● Record extracts
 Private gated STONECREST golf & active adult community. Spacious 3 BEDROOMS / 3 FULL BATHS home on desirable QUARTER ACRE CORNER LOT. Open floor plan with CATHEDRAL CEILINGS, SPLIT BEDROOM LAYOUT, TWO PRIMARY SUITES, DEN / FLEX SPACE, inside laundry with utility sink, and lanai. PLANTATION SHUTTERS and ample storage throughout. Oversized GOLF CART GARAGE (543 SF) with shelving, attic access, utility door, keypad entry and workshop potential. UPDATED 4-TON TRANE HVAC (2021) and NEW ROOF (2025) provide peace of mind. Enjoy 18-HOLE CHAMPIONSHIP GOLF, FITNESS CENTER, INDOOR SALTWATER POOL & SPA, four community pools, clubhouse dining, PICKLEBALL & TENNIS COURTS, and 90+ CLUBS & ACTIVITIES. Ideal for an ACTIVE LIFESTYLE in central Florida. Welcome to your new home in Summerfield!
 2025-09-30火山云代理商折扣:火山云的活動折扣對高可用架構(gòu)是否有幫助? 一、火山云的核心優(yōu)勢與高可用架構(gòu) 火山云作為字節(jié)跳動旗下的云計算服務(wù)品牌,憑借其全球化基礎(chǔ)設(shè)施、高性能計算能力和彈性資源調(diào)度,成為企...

==

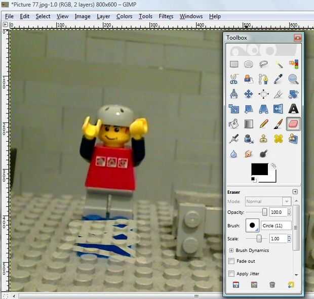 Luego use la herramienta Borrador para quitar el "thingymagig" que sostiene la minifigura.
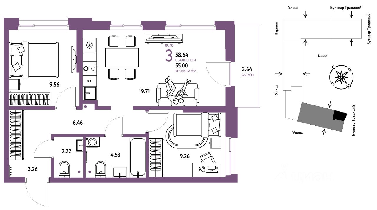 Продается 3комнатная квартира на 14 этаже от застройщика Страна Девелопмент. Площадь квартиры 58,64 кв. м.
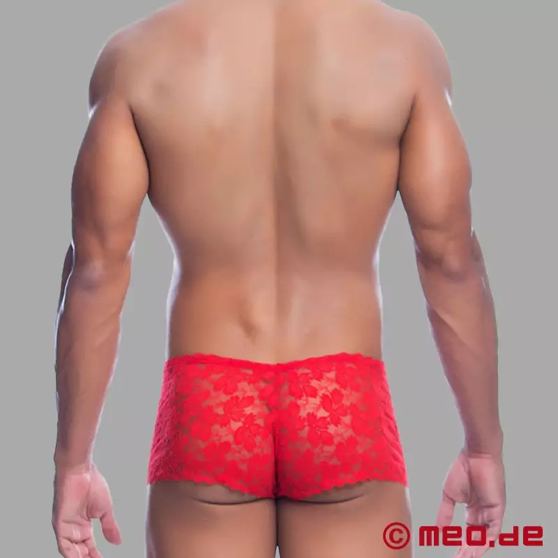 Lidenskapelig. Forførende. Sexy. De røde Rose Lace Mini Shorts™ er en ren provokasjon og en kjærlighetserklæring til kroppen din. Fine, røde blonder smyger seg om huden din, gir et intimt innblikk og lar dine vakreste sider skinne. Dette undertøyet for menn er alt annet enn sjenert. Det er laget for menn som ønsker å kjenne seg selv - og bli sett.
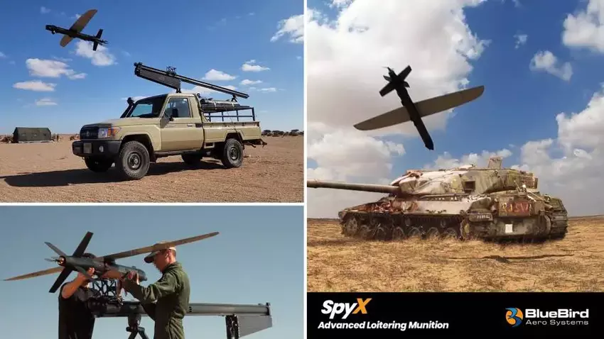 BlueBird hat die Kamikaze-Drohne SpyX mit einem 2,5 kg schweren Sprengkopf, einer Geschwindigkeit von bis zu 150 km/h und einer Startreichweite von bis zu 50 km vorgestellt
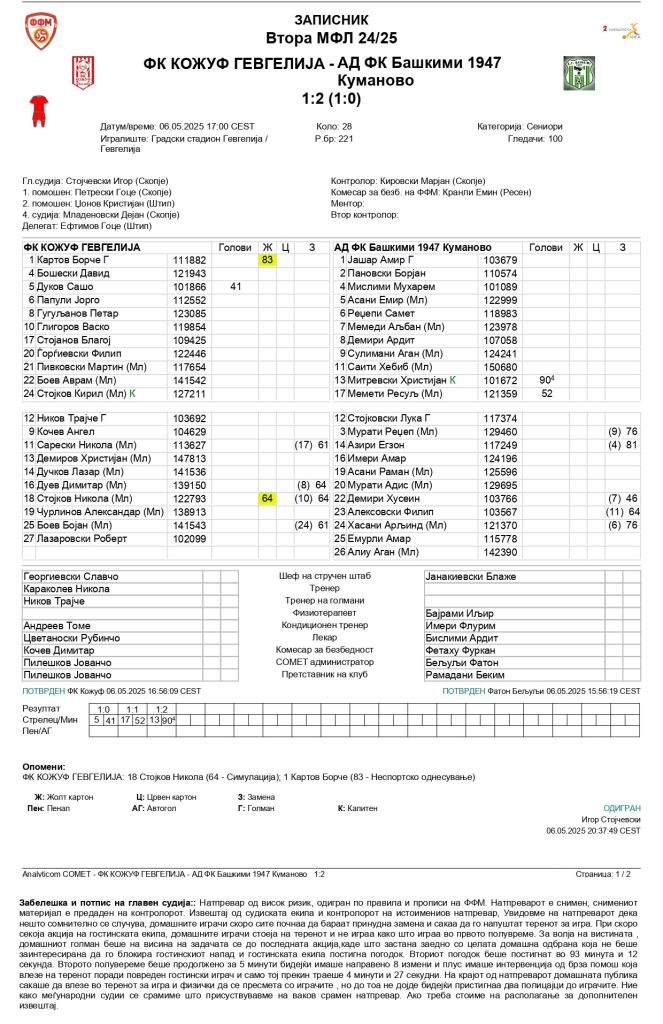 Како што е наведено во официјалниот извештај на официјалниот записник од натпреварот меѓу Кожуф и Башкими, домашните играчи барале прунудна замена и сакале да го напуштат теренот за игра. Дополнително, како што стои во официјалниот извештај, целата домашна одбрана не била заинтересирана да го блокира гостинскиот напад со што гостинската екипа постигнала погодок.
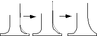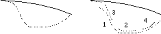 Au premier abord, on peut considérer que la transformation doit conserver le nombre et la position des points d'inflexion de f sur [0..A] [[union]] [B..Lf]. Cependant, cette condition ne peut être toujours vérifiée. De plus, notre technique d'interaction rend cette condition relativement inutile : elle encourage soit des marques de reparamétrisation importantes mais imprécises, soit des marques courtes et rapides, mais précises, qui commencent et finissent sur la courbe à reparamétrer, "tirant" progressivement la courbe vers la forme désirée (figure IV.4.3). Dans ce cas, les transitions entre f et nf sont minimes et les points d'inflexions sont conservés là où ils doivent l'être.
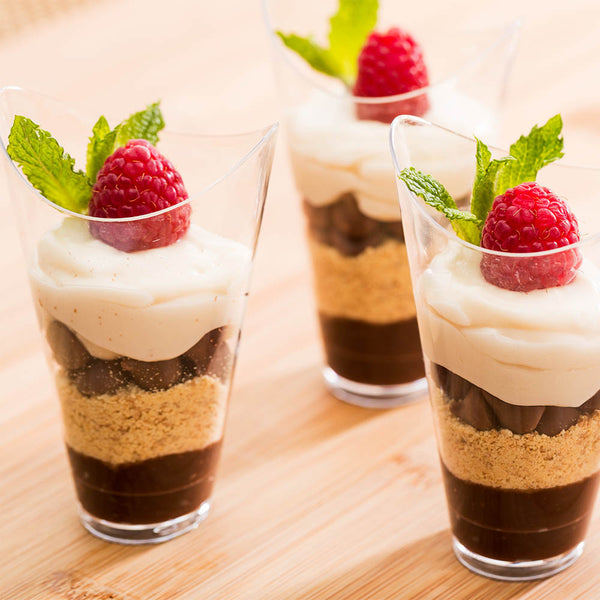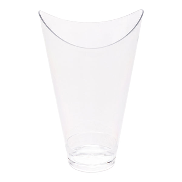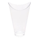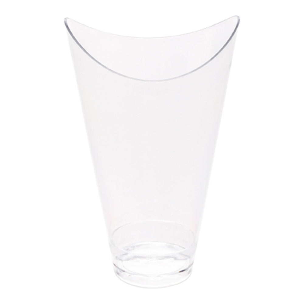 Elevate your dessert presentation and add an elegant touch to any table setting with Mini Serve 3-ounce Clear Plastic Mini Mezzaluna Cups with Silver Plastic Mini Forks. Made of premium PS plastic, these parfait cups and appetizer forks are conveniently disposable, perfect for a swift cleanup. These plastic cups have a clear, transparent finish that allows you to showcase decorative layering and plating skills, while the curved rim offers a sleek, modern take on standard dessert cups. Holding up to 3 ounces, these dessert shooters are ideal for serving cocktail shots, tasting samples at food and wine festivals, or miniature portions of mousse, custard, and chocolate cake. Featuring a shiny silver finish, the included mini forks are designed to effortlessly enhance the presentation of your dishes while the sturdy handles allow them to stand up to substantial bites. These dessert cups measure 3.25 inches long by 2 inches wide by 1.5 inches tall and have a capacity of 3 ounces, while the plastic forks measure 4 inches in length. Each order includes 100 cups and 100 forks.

● About this exercise
Without the pictures, give again exactly the lines above starting at the line containing "Luego use la" and ending at the line containing "BlueBird hat die".

● Output
 Luego use la herramienta Borrador para quitar el "thingymagig" que sostiene la minifigura.
 Продается 3комнатная квартира на 14 этаже от застройщика Страна Девелопмент. Площадь квартиры 58,64 кв. м.
 Lidenskapelig. Forførende. Sexy. De røde Rose Lace Mini Shorts™ er en ren provokasjon og en kjærlighetserklæring til kroppen din. Fine, røde blonder smyger seg om huden din, gir et intimt innblikk og lar dine vakreste sider skinne. Dette undertøyet for menn er alt annet enn sjenert. Det er laget for menn som ønsker å kjenne seg selv - og bli sett.
 BlueBird hat die Kamikaze-Drohne SpyX mit einem 2,5 kg schweren Sprengkopf, einer Geschwindigkeit von bis zu 150 km/h und einer Startreichweite von bis zu 50 km vorgestellt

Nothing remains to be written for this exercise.